● **The problem**:
Your job is to print, exactly, the lines in the data below from the line with "Abrollbehälter City mit festen Bordwänden" through the line with "LIVINGSTONE SE EMPLEO", both included, and to omit any picture.

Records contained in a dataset
———

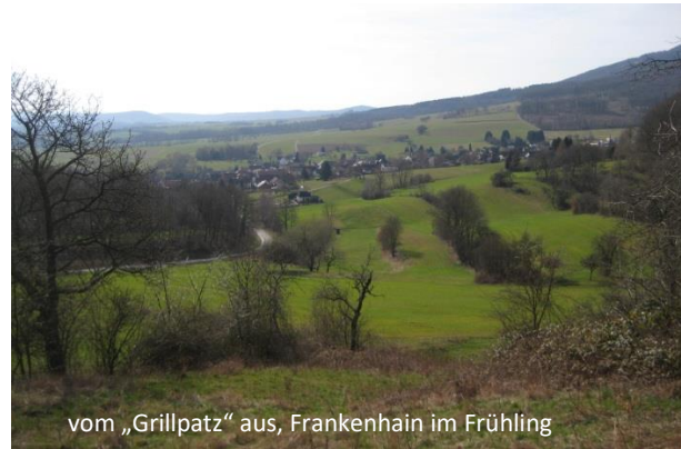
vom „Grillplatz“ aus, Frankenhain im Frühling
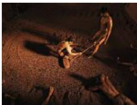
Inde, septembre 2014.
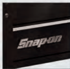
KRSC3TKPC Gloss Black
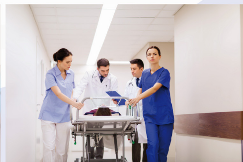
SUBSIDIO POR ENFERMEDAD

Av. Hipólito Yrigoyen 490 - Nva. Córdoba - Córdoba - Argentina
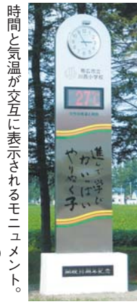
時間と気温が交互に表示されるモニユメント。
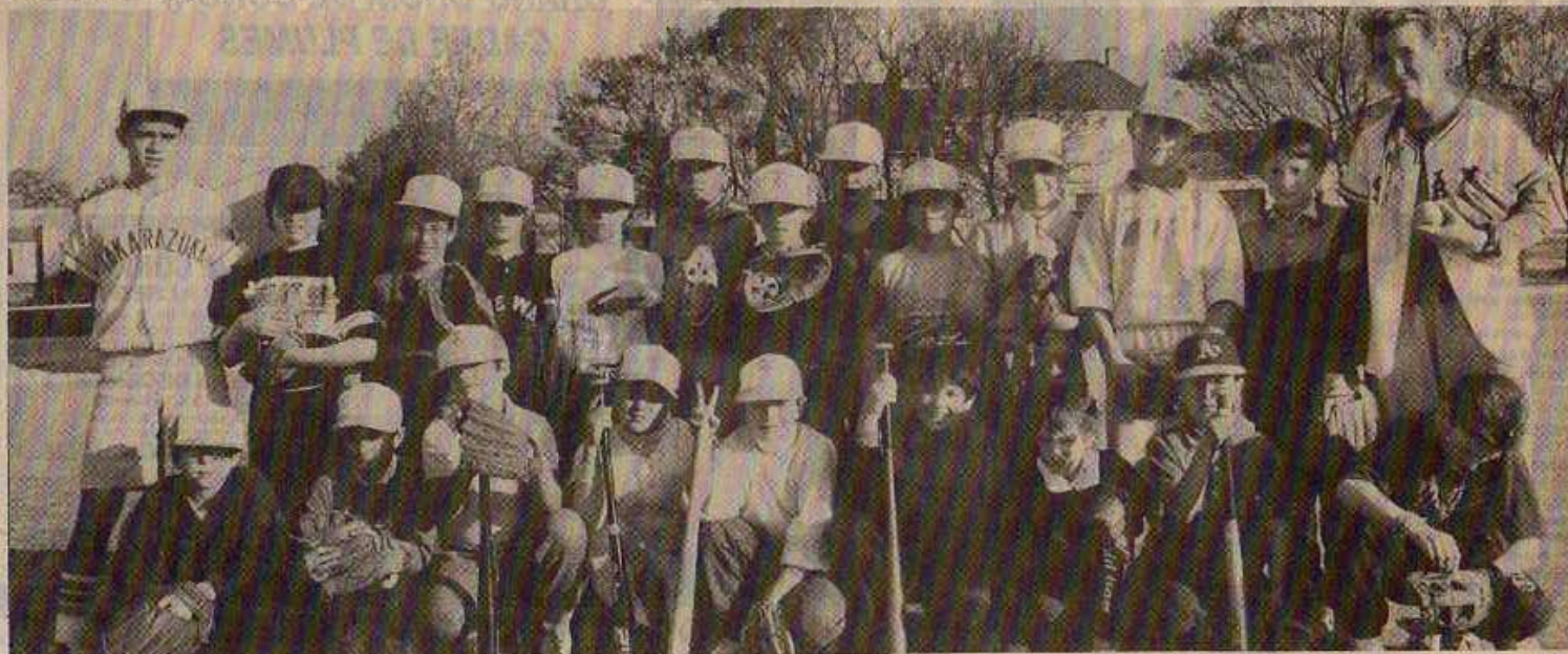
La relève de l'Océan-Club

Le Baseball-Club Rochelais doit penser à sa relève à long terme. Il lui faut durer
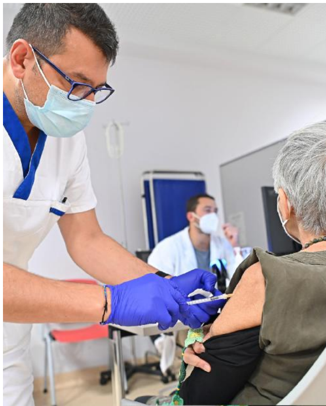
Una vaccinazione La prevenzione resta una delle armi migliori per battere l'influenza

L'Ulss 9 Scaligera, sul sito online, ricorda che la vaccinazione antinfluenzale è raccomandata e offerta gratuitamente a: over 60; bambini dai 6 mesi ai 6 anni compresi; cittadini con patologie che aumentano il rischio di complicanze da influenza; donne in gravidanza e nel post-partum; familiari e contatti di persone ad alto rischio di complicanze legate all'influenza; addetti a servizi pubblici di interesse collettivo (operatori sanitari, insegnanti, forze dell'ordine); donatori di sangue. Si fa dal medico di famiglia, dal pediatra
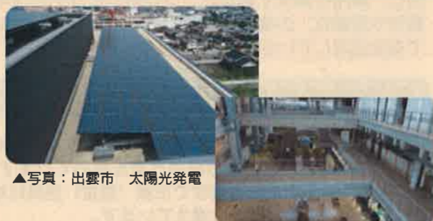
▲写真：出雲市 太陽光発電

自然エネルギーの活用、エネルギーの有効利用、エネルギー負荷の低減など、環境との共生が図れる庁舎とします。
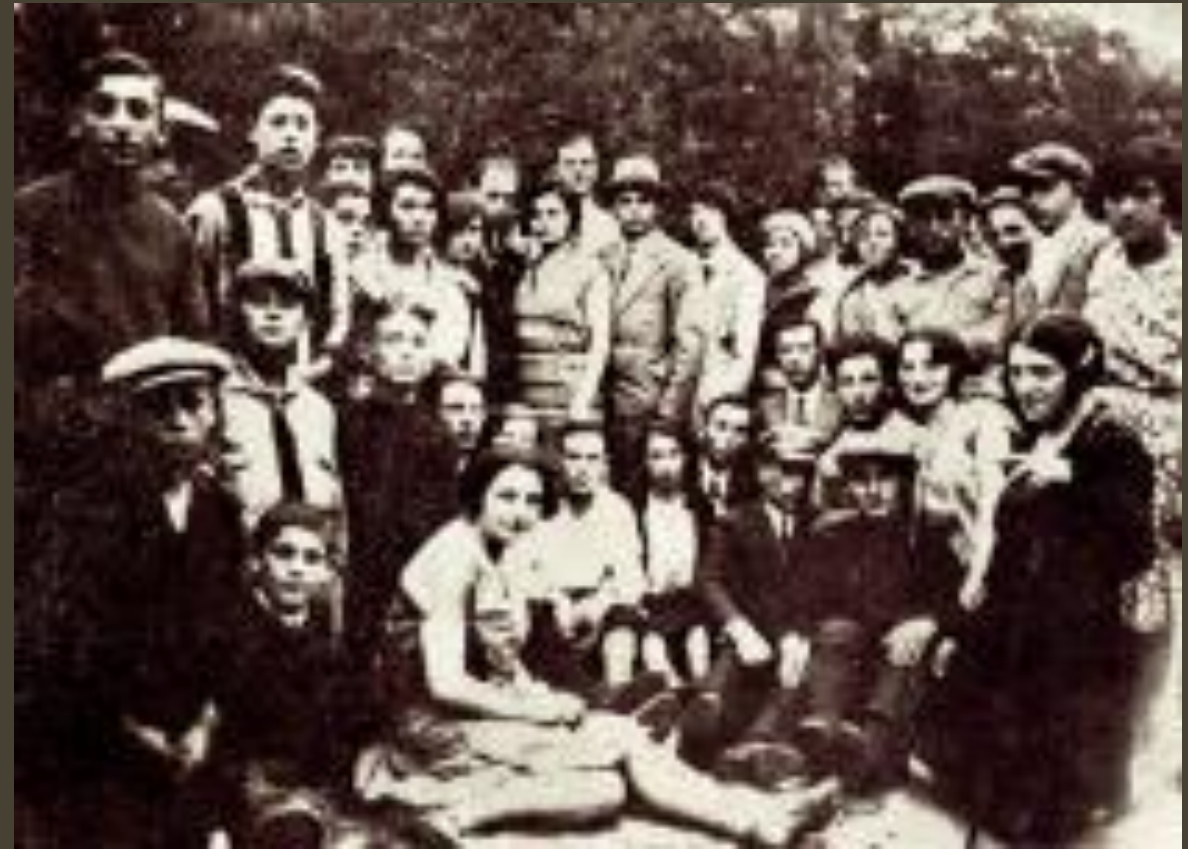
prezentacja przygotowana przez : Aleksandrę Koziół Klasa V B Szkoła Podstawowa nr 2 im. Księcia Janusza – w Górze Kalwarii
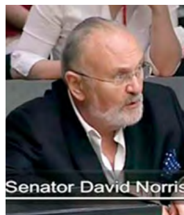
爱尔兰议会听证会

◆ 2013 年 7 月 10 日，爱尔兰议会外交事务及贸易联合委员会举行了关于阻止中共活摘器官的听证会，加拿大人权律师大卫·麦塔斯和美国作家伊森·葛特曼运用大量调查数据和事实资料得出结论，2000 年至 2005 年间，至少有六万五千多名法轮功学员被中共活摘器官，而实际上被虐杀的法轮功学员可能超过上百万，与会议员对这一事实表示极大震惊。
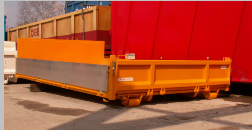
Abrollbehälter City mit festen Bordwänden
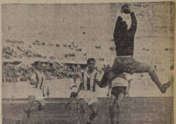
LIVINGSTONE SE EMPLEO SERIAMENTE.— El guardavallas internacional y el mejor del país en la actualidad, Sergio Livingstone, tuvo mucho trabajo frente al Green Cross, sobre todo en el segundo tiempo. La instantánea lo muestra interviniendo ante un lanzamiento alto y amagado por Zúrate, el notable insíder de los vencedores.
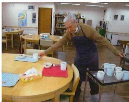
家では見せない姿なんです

———

● **Result of this task**:
Abrollbehälter City mit festen Bordwänden
LIVINGSTONE SE EMPLEO SERIAMENTE.— El guardavallas internacional y el mejor del país en la actualidad, Sergio Livingstone, tuvo mucho trabajo frente al Green Cross, sobre todo en el segundo tiempo. La instantánea lo muestra interviniendo ante un lanzamiento alto y amagado por Zúrate, el notable insíder de los vencedores.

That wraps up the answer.